A prominent economist has lashed out at Facebook for placing a fact-checking label on a post asserting that the US has entered a recession despite President Biden’s refusal to publicly admit it.
“We live in an Orwellian hell-scape,” tweeted Dr. Phillip Magness, the research and education director at the American Institute for Economic Research, a libertarian think tank, on Thursday. “Facebook is now ‘fact checking’ anyone who questions the White House’s word-games about the definition of a recession.”
Magness shared on his Twitter page a screenshot from his Facebook account, showing that the social media site had “independent fact-checkers” review his post from July 24, and that they found it was “partly false,” resulting in a notice being added to it.
Facebook warned that “people who repeatedly share false information might have their posts moved lower in News Feed to other people are less likely to see them.”
The correction comes after last week Biden denied that the US was in a recession, despite new data showing GDP had contracted for a second consecutive quarter, meeting the long-accepted definition of a recession.
Speaking to reporters on Thursday, the president sought to downplay the troubling report, and shift focus to near-record-low unemployment numbers and his administration’s progress on steps to tame soaring inflation.
“That doesn’t sound like recession to me,” he said, prompting GOP leaders to accuse the president of “gaslighting” the nation, with the Republican National Committee declaring the GDP report indicative of “Biden’s Recession.”
Other top administration officials followed Biden’s lead in dismissing the report showing the economy shrank at an annual rate of 0.9%, following the first quarter’s 1.6% decline.
“We should avoid a semantic battle,” Treasury Secretary Janet Yellen told reporters last week, adding that Americans’ “biggest concern is with inflation” and that they generally feel good about their ability to find a job and stay employed.
The determination of whether the US is technically in a recession is usually made by the National Bureau of Economic Research (NBER), which is a private, nonprofit research organization based in Cambridge, Mass.
A week before the release of the negative GDP report, the White House fired off a preemptive blog post denying that two consecutive quarters of falling GPD was the official definition of a recession.
The author of the post maintained that “holistic data” such as “the labor market, consumer and business spending, industrial production, and incomes” figured into the real definition of recession.
“Based on these data, it is unlikely that the decline in GDP in the first quarter of this year—even if followed by another GDP decline in the second quarter—indicates a recession,” the post stated.
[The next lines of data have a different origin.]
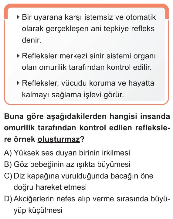 6. Sınıf Sinir Sisteminin Görevleri Test 4
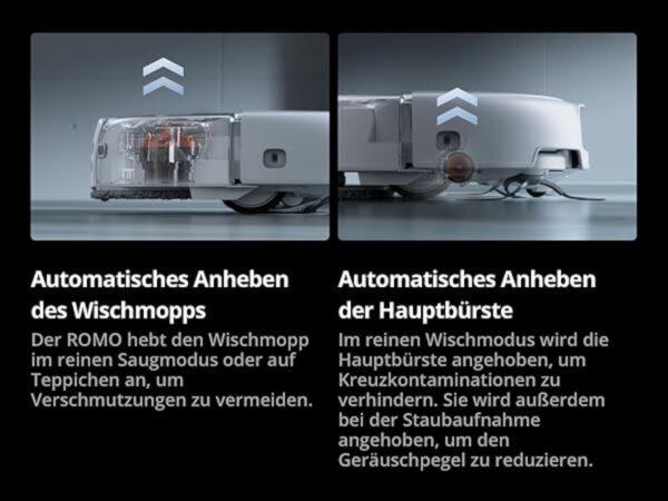 Ein weiteres Highlight sind die beiden ausfahrbaren Roboterarme. Sie werden durch Echtzeit-Kartierung und adaptive Kantenalgorithmen gesteuert und passen sich automatisch an den jeweiligen Raum an. Dadurch erreicht der ROMO P selbst schwer zugängliche Ecken oder Kanten entlang von Sockelleisten. Diese innovative Technologie sorgt für ein Reinigungsergebnis, das man sonst nur von Handarbeit kennt – gründlich, systematisch und präzise.
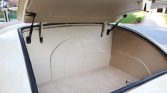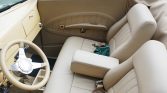 The car’s fiberglass body, doors, and trunk lid are complemented by a steel hood, grille, running boards, and fenders, all of which are finished in Vanilla Pearl paint with a tan folding top and an interior-matching boot cover. Additional features include a Briz ribbed-alloy front bumper, dual side mirrors, and power- and fuel-cutoff switches located beneath the edge of the body at the rear.
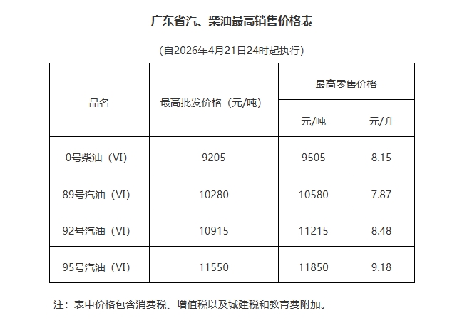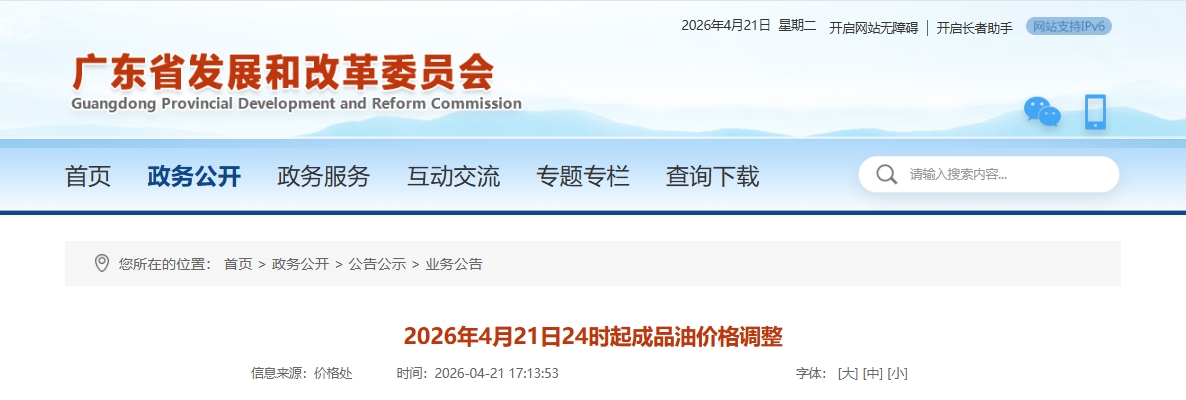 根据广东省发展和改革委员会公告,2026年4月21日24时起成品油价格按机制调整。

Magness, who has been critical of Biden’s handling of the economy in the past, wrote in an op-ed piece for The Wall Street Journal on July 27, in which he accused the White House of “playing word games,” instead of tackling the underlying economic problems.
“The White House’s attempt to wordsmith its way around a recession shows the dangers of politicizing economic terms,” he wrote. “Mr Biden’s economic advisers are trying to buy time by exploiting NBER’s otherwise defensible methodology. They hope doing so will insulate the administration from the electoral backlash in the event of a downturn.”
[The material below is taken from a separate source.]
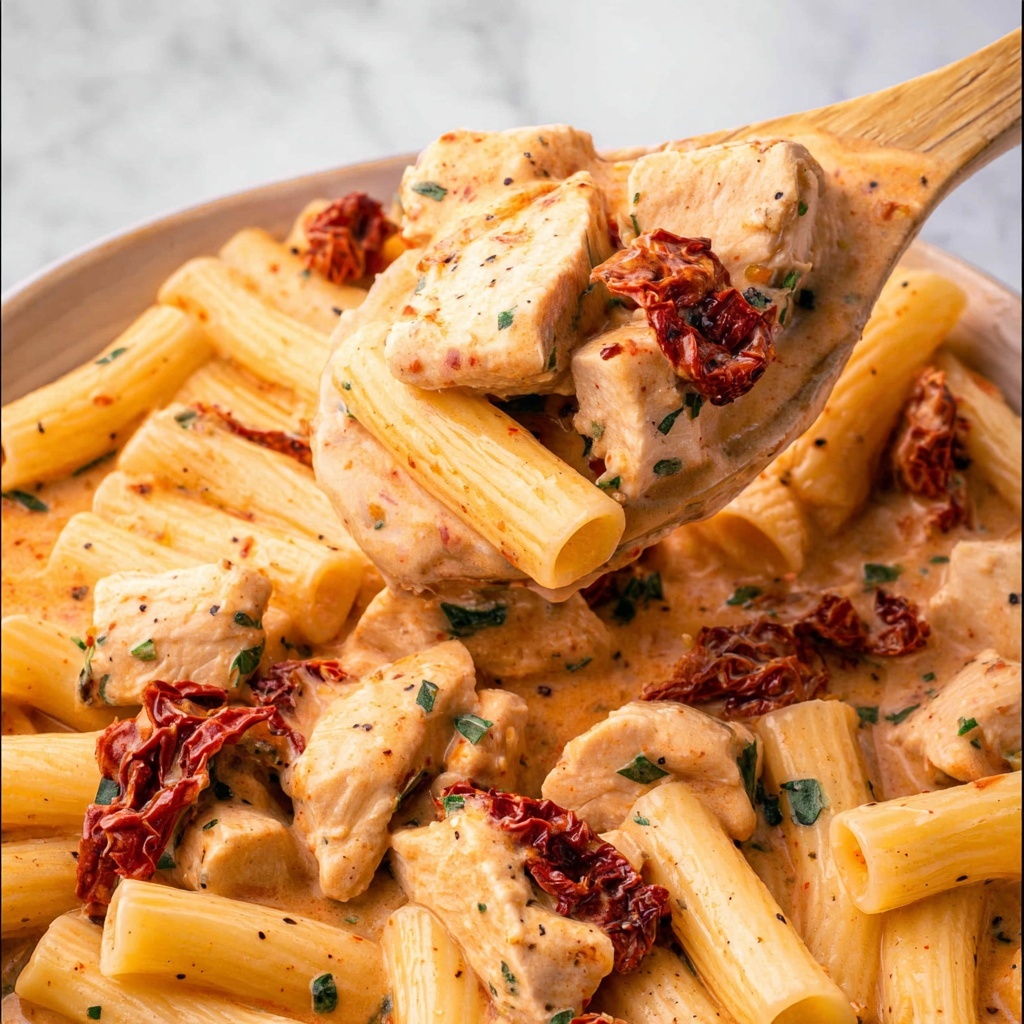 To make it vegetarian, substitute the chicken with sautéed mushrooms or tofu, and use vegetable broth instead of chicken broth. The sun-dried tomatoes and creamy sauce ensure plenty of flavor.
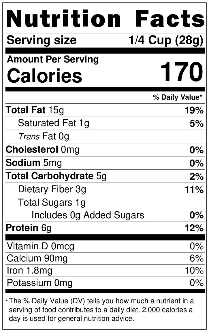 Allergen Statement: Product packed in a facility that also handles nuts, peanuts, soy, sesame, and wheat. 12 oz and 5 lb sizes only.

Magness again took aim at the administration on Twitter on Saturday, accusing the White House and the news media of hypocrisy.
“Recession. n. 1. 2 consecutive quarters of negative GDP growth when the media dislikes the president. 2. A vague, holistic, ill-defined condition that you aren’t allowed to talk about until the NBER makes a determination a year from now, provided the media likes the president,” he mockingly wrote.
Nearly 8 in 10 Americans described the US economy as poor and roughly 7 in 10 disapproved of Biden’s economic leadership, according to a June survey by AP-NORC Center for Public Affairs Research.